**TASK DETAILS**
Copy out the listing that follows, exact in every word, and skip the images.

**RAW DATA**
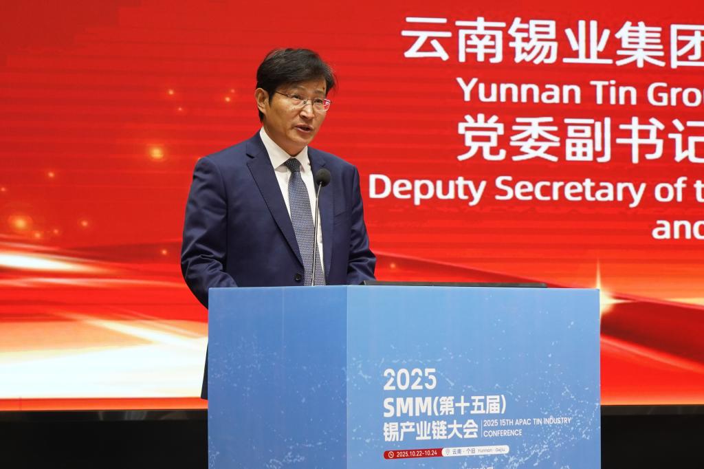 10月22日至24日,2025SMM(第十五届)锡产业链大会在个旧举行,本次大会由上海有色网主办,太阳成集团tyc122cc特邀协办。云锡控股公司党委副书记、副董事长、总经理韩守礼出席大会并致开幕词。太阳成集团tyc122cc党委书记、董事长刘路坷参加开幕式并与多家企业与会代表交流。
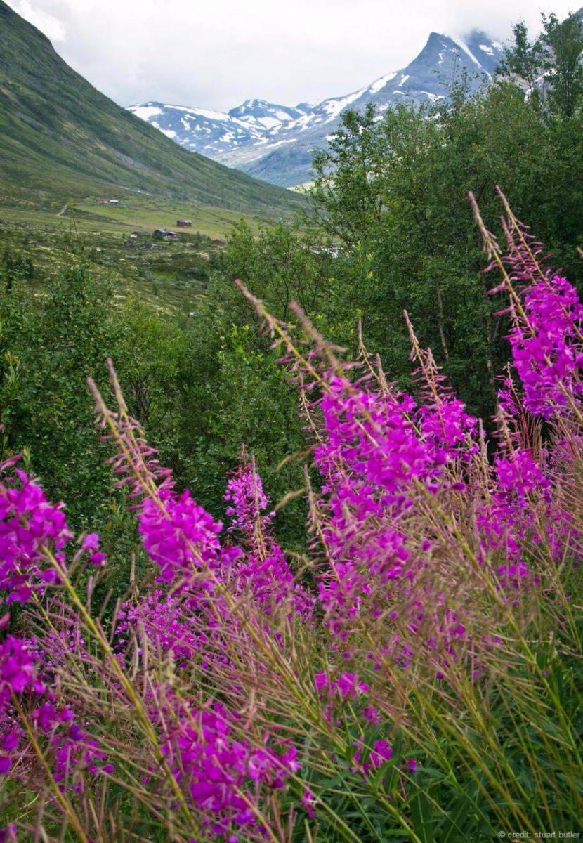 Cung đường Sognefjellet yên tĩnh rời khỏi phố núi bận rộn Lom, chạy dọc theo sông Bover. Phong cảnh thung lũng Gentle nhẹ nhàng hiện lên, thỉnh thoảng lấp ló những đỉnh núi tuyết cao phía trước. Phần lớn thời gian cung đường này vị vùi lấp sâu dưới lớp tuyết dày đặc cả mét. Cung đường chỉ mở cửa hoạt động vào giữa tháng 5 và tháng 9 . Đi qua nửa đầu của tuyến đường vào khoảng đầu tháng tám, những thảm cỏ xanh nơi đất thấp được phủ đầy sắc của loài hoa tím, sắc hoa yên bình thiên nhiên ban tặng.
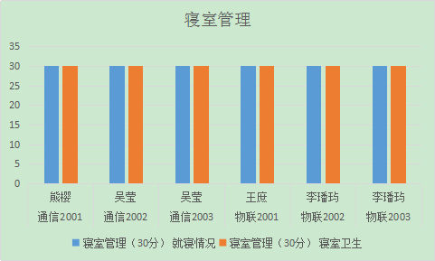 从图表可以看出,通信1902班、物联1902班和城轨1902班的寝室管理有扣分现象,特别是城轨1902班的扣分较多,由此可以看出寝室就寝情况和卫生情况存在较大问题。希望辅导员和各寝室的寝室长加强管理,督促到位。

**REPLY**
 10月22日至24日,2025SMM(第十五届)锡产业链大会在个旧举行,本次大会由上海有色网主办,太阳成集团tyc122cc特邀协办。云锡控股公司党委副书记、副董事长、总经理韩守礼出席大会并致开幕词。太阳成集团tyc122cc党委书记、董事长刘路坷参加开幕式并与多家企业与会代表交流。
 Cung đường Sognefjellet yên tĩnh rời khỏi phố núi bận rộn Lom, chạy dọc theo sông Bover. Phong cảnh thung lũng Gentle nhẹ nhàng hiện lên, thỉnh thoảng lấp ló những đỉnh núi tuyết cao phía trước. Phần lớn thời gian cung đường này vị vùi lấp sâu dưới lớp tuyết dày đặc cả mét. Cung đường chỉ mở cửa hoạt động vào giữa tháng 5 và tháng 9 . Đi qua nửa đầu của tuyến đường vào khoảng đầu tháng tám, những thảm cỏ xanh nơi đất thấp được phủ đầy sắc của loài hoa tím, sắc hoa yên bình thiên nhiên ban tặng.
 从图表可以看出,通信1902班、物联1902班和城轨1902班的寝室管理有扣分现象,特别是城轨1902班的扣分较多,由此可以看出寝室就寝情况和卫生情况存在较大问题。希望辅导员和各寝室的寝室长加强管理,督促到位。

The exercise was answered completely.